Mentía. Servaz tenía el convencimiento absoluto. Habían contado una sarta de mentiras que habían ideado juntos antes de la llegada de los gendarmes. Las mismas respuestas, las mismas vacilaciones…

—Un partido más dos películas suman aproximadamente cinco horas —calculó Servaz como si fuera un jefe de restaurante que preparara la cuenta en la caja registradora—. Pero en las películas no hay ruido todo el tiempo, ¿no? En toda película hay momentos de silencio, incluso en las de terror… Sobre todo en esas: cuando la tensión sube, cuando el suspense llega a su punto máximo… —Servaz volvió a inclinarse. Rozando casi la cara del vigilante con la suya, percibió su mal aliento… y su miedo—. Los actores no están siempre dando gritos ni los matan todo el rato, ¿no? El teleférico, ¿cuánto tarda en subir allá arriba? ¿Quince minutos?, ¿veinte? Y para bajar lo mismo. ¿Entiendes adonde quiero ir a parar? Sería una grandísima coincidencia que el estruendo del teleférico hubiera quedado completamente ahogado por los ruidos de la película, ¿no? ¿Qué te parece?

El vigilante le lanzó una mirada de animal acorralado.

—No sé —dijo—. Quizá fue antes, o durante el partido… En todo caso, nosotros no oímos nada.

—¿Aún tenéis ese DVD?

—Hum… Sí.

—Perfecto, haremos una pequeña reconstrucción… para ver si es materialmente posible que vuestro espectáculo privado asfixiase todo ese ruido. Y probaremos también con un partido de fútbol. E incluso con una porno, mira… ya puestos.

Servaz vio cómo resbalaba el sudor por la cara del guarda.

—Habíamos bebido un poco —confesó, con voz tan baja que Servaz tuvo que hacérselo repetir.

—¿Cómo?

—Habíamos bebido…

—¿Mucho?

—Bastante.

El vigilante levantó las manos, encarando las palmas hacia arriba.

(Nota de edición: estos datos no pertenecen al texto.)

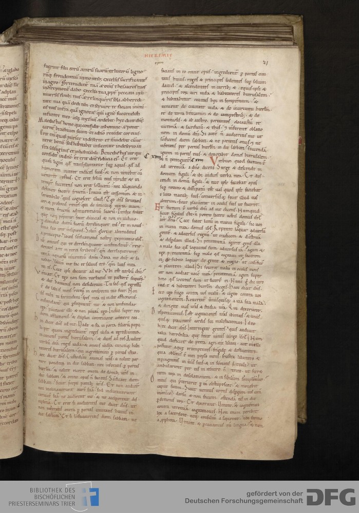 - TextGrid Repository (2017). Bibliothek des Bischöflichen Priesterseminars, Hs. 1. Inhalte. Bibliothek des Bischöflichen Priesterseminars Trier Hs. 1. Bibel aus St. Matthias/Altes Testament. Blatt 21r. Blatt 21r. Virtuelles Skriptorium St. Matthias. Bibliothek des Bischöflichen Priesterseminars Trier. https://hdl.handle.net/11378/0000-0006-0DA9-E
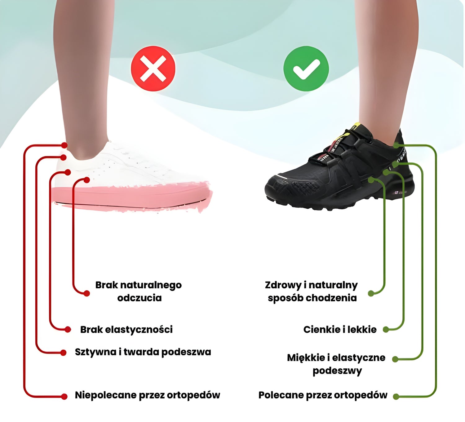 - Dla różnych bólów stóp, kolan i pleców – buty łagodzą dolegliwości takie jak: ból stóp, zapalenie rozcięgna podeszwowego, neuropatia, płaskostopie, ból pięty i haluksy – oferując ulgę, wsparcie, poprawę mobilności i zapobieganie nawrotom.
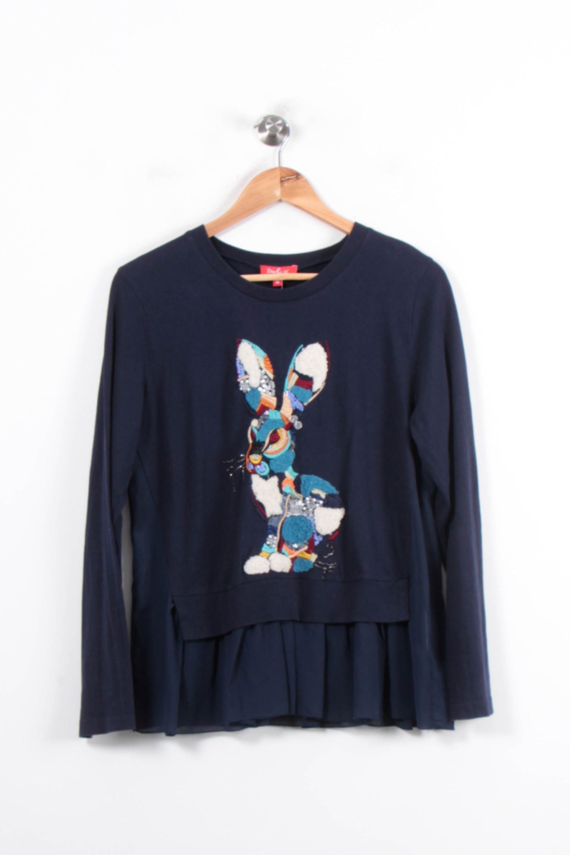Top bleu Derhy taille M/38, orné d'un motif lapin coloré brodé sur le devant. La finition d'un matériau au toucher doux et fluide, rehaussée d'appliqués et de reliefs multicolores et d'une base à effet plissé, apporte une touche d'imagination et d'originalité à la pièce. Particulièrement pour un contrat de tri ou un brunch entre amis, ajoutant une note de plaisir à une tenue très élégante.
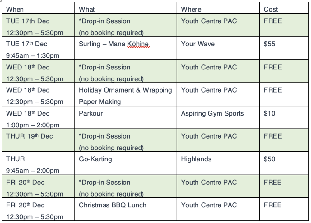We are stoked to run drop-in sessions these Summer Holidays from our new Youth Centre located within Paetara Aspiring Central. Our Youth Centre has all the fun stuff like, a cool pool table, air hockey table, creative arts and crafts, music gear, supervised gaming stations and an outdoor chill space. All drop-in sessions are free for youth aged 11yrs+ to come along and hangout and are supervised by Youth Workers. No bookings required.
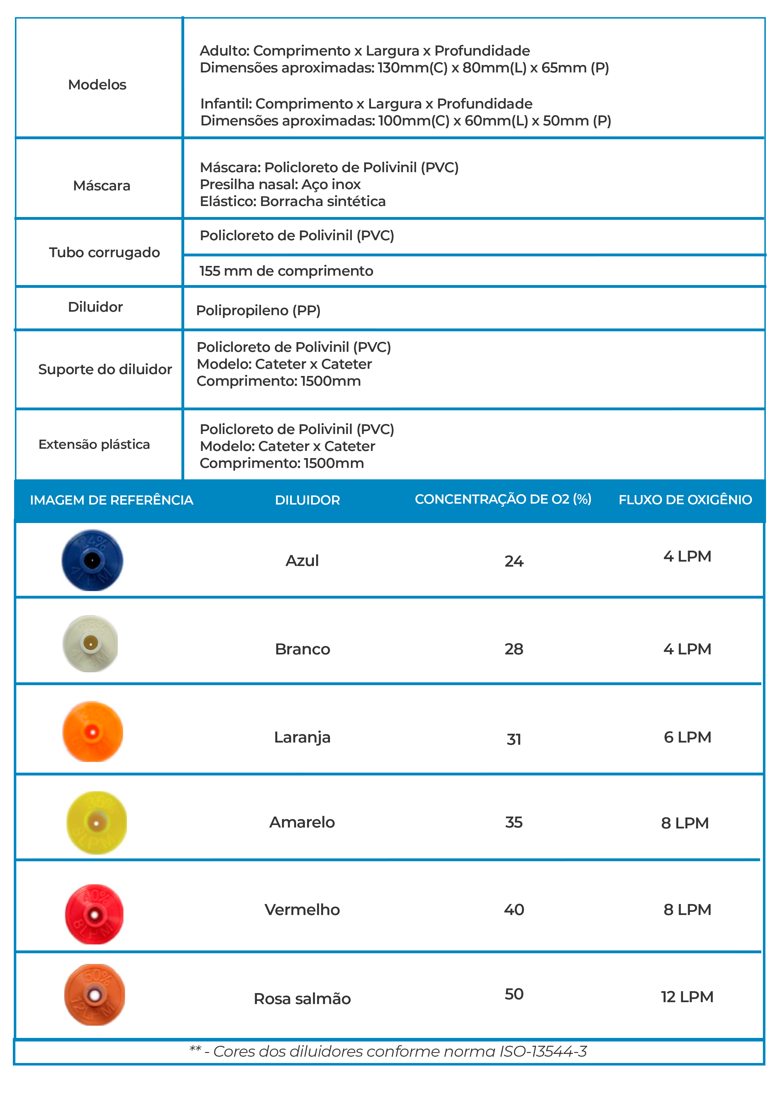 • A Máscara Venturi Protec é alimentada por uma fonte gás na sua extremidade, e através de diluidor é estabelecida a concentração de oxigênio necessário para atendimento do paciente, onde a cor / descrição no diluidor determina o percentual de oxigênio.
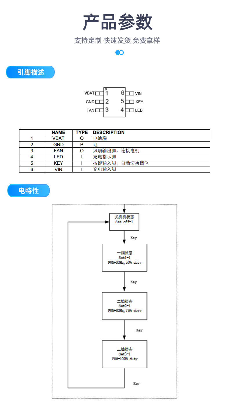 SA8105 SOT23-6 移动小风扇驱动芯片,集成单节锂电池线性充电功能,按键功能,电机驱动功能

—Oiga… Usted no se puede imaginar cómo son las noches de invierno aquí, comisario. ¿Le ha echado un poco el ojo a esto? Cuando se hace de noche, uno tiene la impresión de estar solo en el mundo. Es como si… como si estuviera en medio de la nada… ¡En una isla desierta, eso es! Una isla perdida en medio de un mar de nieve y de hielo —añadió con sorprendente lirismo—. En la central, a todo el mundo le da igual lo que hagamos aquí por la noche. Para ellos somos invisibles, no existimos. Lo único que quieren es que nadie venga a sabotear el material.

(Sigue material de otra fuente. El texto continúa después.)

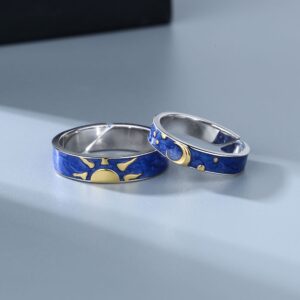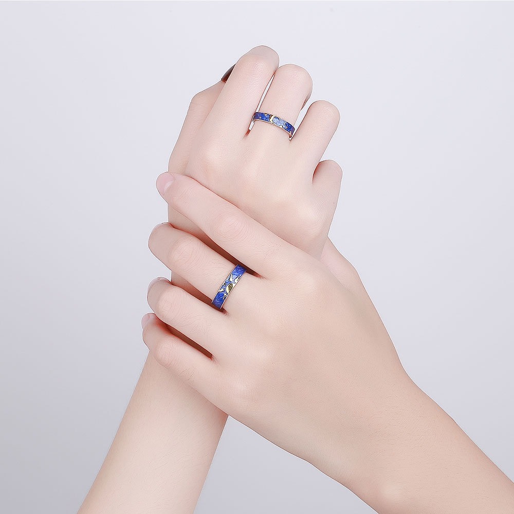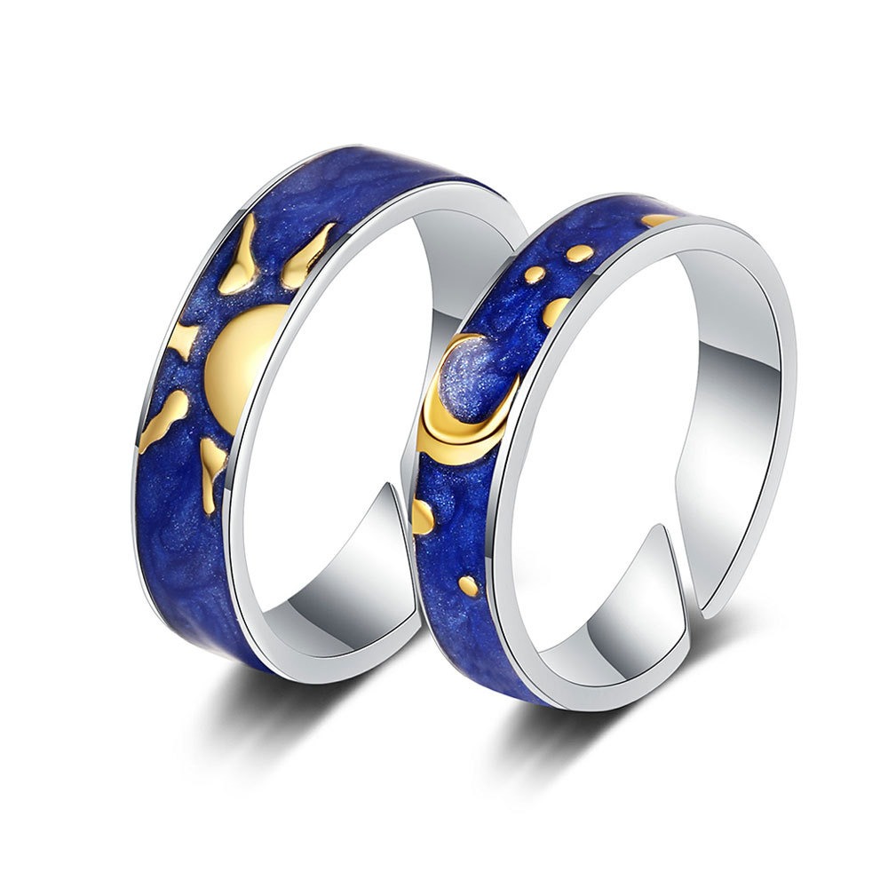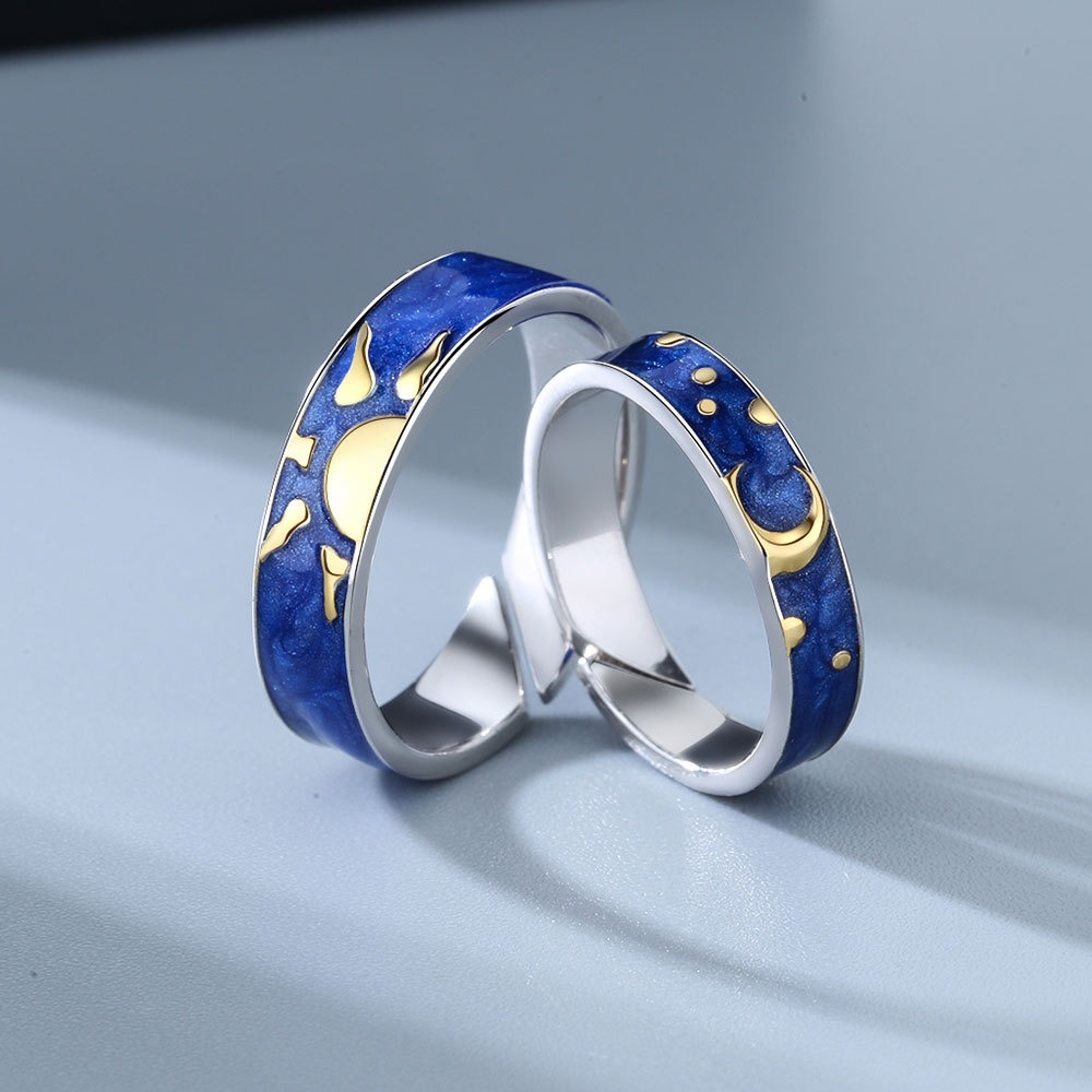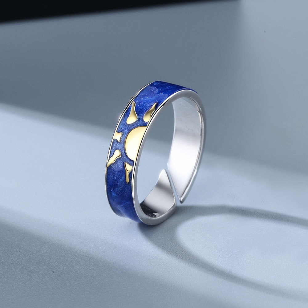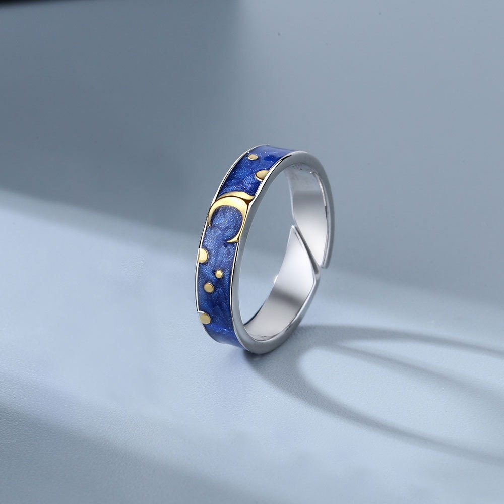 S925 sterling silver ring opening adjustable starry sky couple ring

—No soy comisario, sino comandante. En todo caso, alguien logró subir hasta aquí, forzó la puerta, puso en marcha el teleférico y cargó un caballo muerto —señaló con paciente tono Servaz—. Todo eso lleva su tiempo, y no pasa inadvertido.

—Habíamos cerrado los postigos. Anoche hubo tempestad, y la calefacción funciona mal. Entonces nos encerramos, bebimos un poco para calentarnos y pusimos la tele o la música a todo volumen para no oír el viento. Es posible que, al estar cargados como estábamos, pensáramos que los ruidos eran de la tormenta. No hemos hecho bien nuestro trabajo, es verdad, pero lo del caballo… no hemos sido nosotros.

Había sonado convincente. A Servaz no le costaba imaginar cómo sería una tempestad allí. Las ráfagas de viento, la nieve, los viejos edificios desiertos llenos de corrientes de aire, los postigos y las puertas que chirrían… Aquello produciría un temor instintivo, el mismo que embargaba a los primeros hombres ante el furor desbocado de los elementos… incluso a dos tipos duros como aquellos.

Aún dudaba. Las versiones de ambos concordaban, pero de todas maneras no les creía. Desde cualquier ángulo que enfocase el problema, Servaz estaba al menos seguro de algo: mentían.

* * *

—¿Qué tal?

—Sus declaraciones coinciden.

—Sí.

—Un poco demasiado.

—Yo pienso lo mismo.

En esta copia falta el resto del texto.